# different colors of light



## Designer (Nov 10, 2015)

I photographed a friend's wood-turning projects for him, and I have only the two lights; a Flashpoint budget strobe and a Nikon SB-910 speedlight.

I noticed that the two lights have produced different colors of light.  I'm not going to re-do this entire project, but I just thought you folks would find it interesting.




 

The speedlight was on the left, and the Flashpoint was on the right.  

Yes, if I had the time and money, I would have purchased another Flashpoint strobe and a couple of softboxes.  Then by adjusting the WB, the light color would have been more accurate.


----------



## tirediron (Nov 10, 2015)

Interesting!  Is the magenta cast from the Flashpoint, or is it picking up something in the room?


----------



## WayneF (Nov 10, 2015)

That is normal. Flashes change color at different power levels.  Speedlights become more blue at low power, and most monolights become more red at low power.

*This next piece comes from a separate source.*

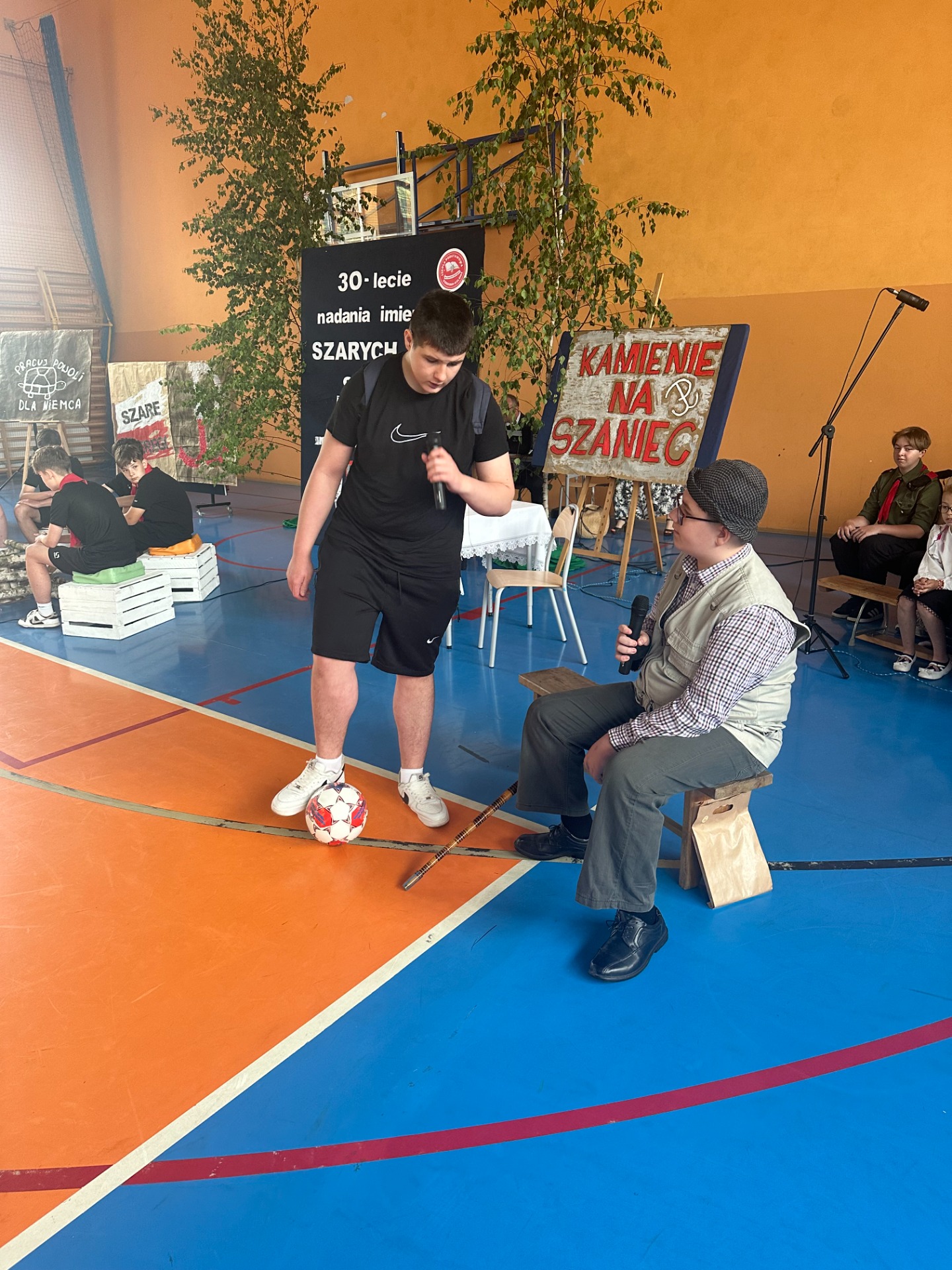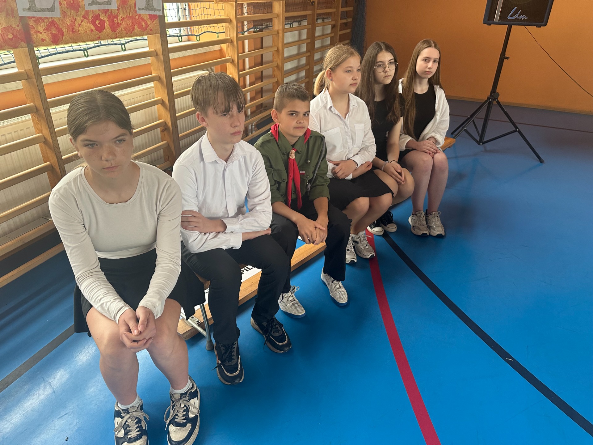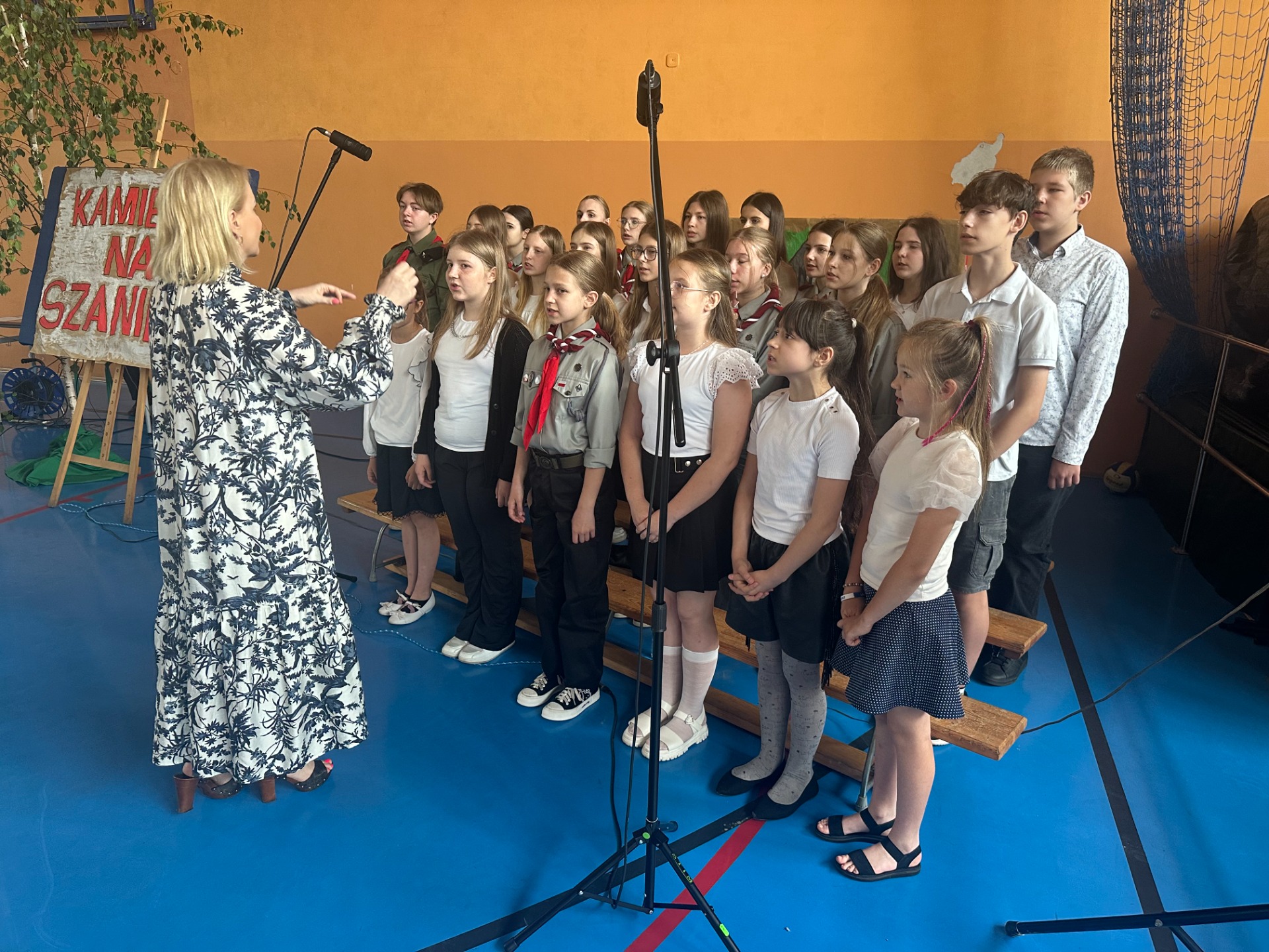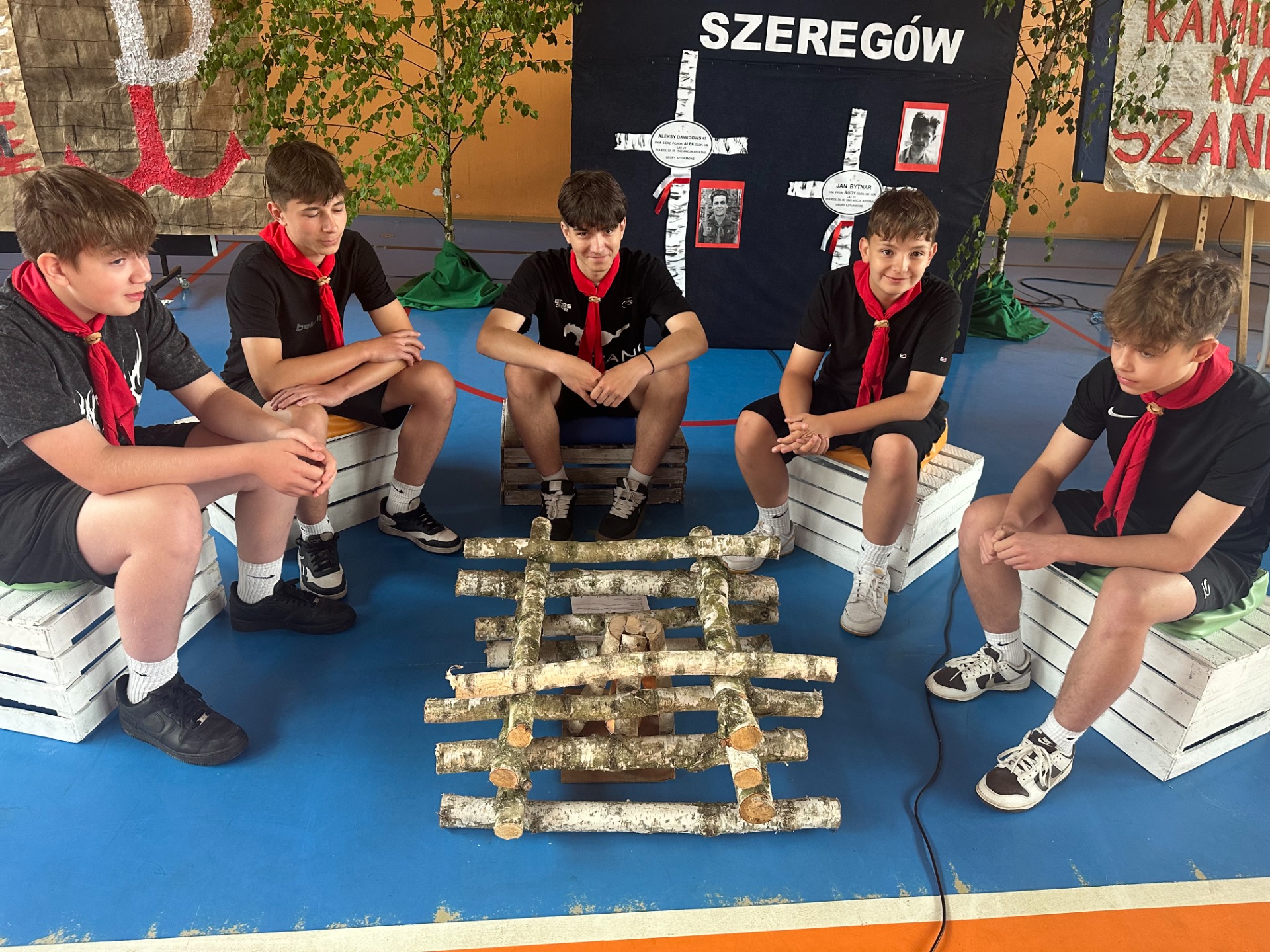 Dalsza część uroczystości odbyła się w sali gimnastycznej. Najpierw zebrani goście obejrzeli krótkie scenki obrazujące życie harcerzy w czasie II wojny światowej oraz wysłuchali piosenek harcerskich w wykonaniu chóru szkolnego.

Here is an example of speedlights:  
Easy White Balance Correction, with or without Raw


----------



## Designer (Nov 10, 2015)

tirediron said:


> Interesting!  Is the magenta cast from the Flashpoint, or is it picking up something in the room?


I think it is from the Flashpoint.  I had it turned down as far as the knob would go.  The SB-910 was at 1/4 power.  Here is the SOOC with the EXIF attached:



 

Screen shot of EXIF info:


----------



## tirediron (Nov 10, 2015)

Wow... that's some fugly white!


----------



## Designer (Nov 10, 2015)

Given that I can't afford ProFoto, and maybe only one more budget Flashpoint, what is your recommendation for me to improve the light color?


----------



## tirediron (Nov 10, 2015)

Designer said:


> Given that I can't afford ProFoto, and maybe only one more budget Flashpoint, what is your recommendation for me to improve the light color?


 Can anyone _afford_ ProFoto?    As long as all your lights are producing the same colour cast it's relatively easy to correct for, so, get the second Flashpoint and call it done.


----------



## Designer (Nov 10, 2015)

See, Honey?  John said I should get more lights. And some softboxes.


----------



## JacaRanda (Nov 10, 2015)

Designer said:


> See, Honey?  John said I should get more BEER and lights. And some BEER and softboxes.



FTFY


----------



## Designer (Nov 10, 2015)

And Jack said it was o.k. too!


----------



## JacaRanda (Nov 10, 2015)

Designer said:


> And Jack said it was o.k. too!



See.  Then when you are in the doghouse, we can have the beers and giggle.


----------



## Designer (Nov 10, 2015)

I'm going to have to build a big fancy doghouse.

Fridge, TV, couch, potato chip loading dock. Did I leave anything out?


----------



## JacaRanda (Nov 10, 2015)

Designer said:


> I'm going to have to build a big fancy doghouse.
> 
> Fridge, TV, couch, potato chip loading dock. Did I leave anything out?



Yes.  You left out that it had to be big because if you have company my size..........well, it needs to be big.  Thanks for being nice though; some people are nicknamed The Fridge.


----------